§ What to do
Below are some records. Return exactly the lines from the one with "The, vessel left" to the one with "- Watercolour painting", and nothing else.

§ Supplied entries
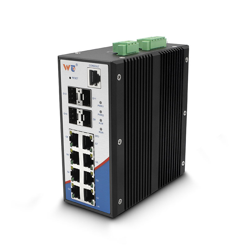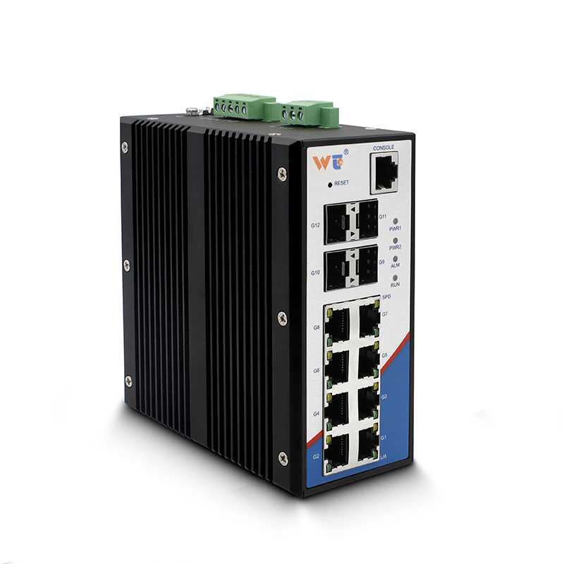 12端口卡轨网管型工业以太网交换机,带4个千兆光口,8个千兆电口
--
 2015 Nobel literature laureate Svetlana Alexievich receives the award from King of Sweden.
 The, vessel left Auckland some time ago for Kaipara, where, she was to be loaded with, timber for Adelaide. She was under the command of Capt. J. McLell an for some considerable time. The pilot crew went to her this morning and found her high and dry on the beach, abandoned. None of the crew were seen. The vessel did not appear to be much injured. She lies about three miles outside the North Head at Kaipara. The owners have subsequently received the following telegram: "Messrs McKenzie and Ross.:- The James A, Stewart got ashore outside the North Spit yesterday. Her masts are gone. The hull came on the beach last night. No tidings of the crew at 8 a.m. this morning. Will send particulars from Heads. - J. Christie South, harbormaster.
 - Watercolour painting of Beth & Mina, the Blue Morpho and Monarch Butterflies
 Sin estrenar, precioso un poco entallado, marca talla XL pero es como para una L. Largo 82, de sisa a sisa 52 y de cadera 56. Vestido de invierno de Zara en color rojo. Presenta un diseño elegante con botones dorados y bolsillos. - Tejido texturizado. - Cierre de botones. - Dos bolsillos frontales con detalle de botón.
---
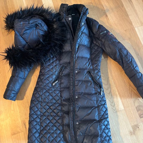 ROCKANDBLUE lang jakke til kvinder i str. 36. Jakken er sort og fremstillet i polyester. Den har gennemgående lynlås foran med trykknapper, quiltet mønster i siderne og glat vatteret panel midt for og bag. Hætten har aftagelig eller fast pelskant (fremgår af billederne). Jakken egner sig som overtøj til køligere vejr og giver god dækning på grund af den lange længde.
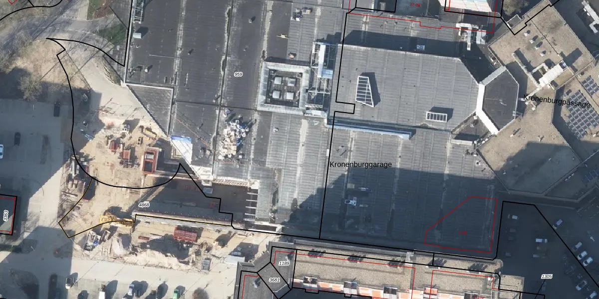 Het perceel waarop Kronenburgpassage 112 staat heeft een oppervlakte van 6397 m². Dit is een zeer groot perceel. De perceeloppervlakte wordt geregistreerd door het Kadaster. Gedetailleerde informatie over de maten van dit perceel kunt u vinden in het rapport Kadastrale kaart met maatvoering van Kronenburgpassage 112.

§ Answer to this task
 The, vessel left Auckland some time ago for Kaipara, where, she was to be loaded with, timber for Adelaide. She was under the command of Capt. J. McLell an for some considerable time. The pilot crew went to her this morning and found her high and dry on the beach, abandoned. None of the crew were seen. The vessel did not appear to be much injured. She lies about three miles outside the North Head at Kaipara. The owners have subsequently received the following telegram: "Messrs McKenzie and Ross.:- The James A, Stewart got ashore outside the North Spit yesterday. Her masts are gone. The hull came on the beach last night. No tidings of the crew at 8 a.m. this morning. Will send particulars from Heads. - J. Christie South, harbormaster.
 - Watercolour painting of Beth & Mina, the Blue Morpho and Monarch Butterflies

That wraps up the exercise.